Q18 of 40 · Git
How does `git stash` work, and what are the common pitfalls of using it in a team QA workflow?
Short answer
Short answer: `git stash` saves dirty working tree and index to a stack, letting you switch context cleanly. Pitfalls: stashes are local (not pushed), easy to forget, don't stash untracked files by default, and the stack can grow stale.
Detail
git stash captures the current working tree diff and staged changes, then restores the working tree to HEAD, giving you a clean state to switch branches or pull. Stashes are stored in refs/stash as special commits and live only in your local repository — they are never pushed.

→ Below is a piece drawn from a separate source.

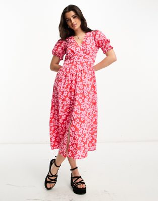 Influence button front midi dress in pink and red floral print

Common operations: git stash push -m "WIP: fix auth header" creates a named stash (much easier to identify later than the default "WIP on branch…"). git stash list shows the stack. git stash pop applies the most recent stash and drops it; git stash apply stash@{2} applies without dropping (useful if you want to apply to multiple branches).
Pitfalls in QA workflows: (1) Untracked files are not stashed unless you pass -u or --include-untracked — new test resource files will be left behind. (2) Stashes pile up over weeks and become mystery items that nobody dares delete. (3) git stash pop on a branch with conflicts leaves a mess; it's safer to use git stash branch <new-branch> to apply the stash onto a fresh branch. (4) Stash is local — if you need to carry WIP to another machine, commit with git commit -m "WIP", push, then reset later.
// EXAMPLE
# Save current WIP with a descriptive name
git stash push -m "WIP: flaky retry logic in OrderApiTest"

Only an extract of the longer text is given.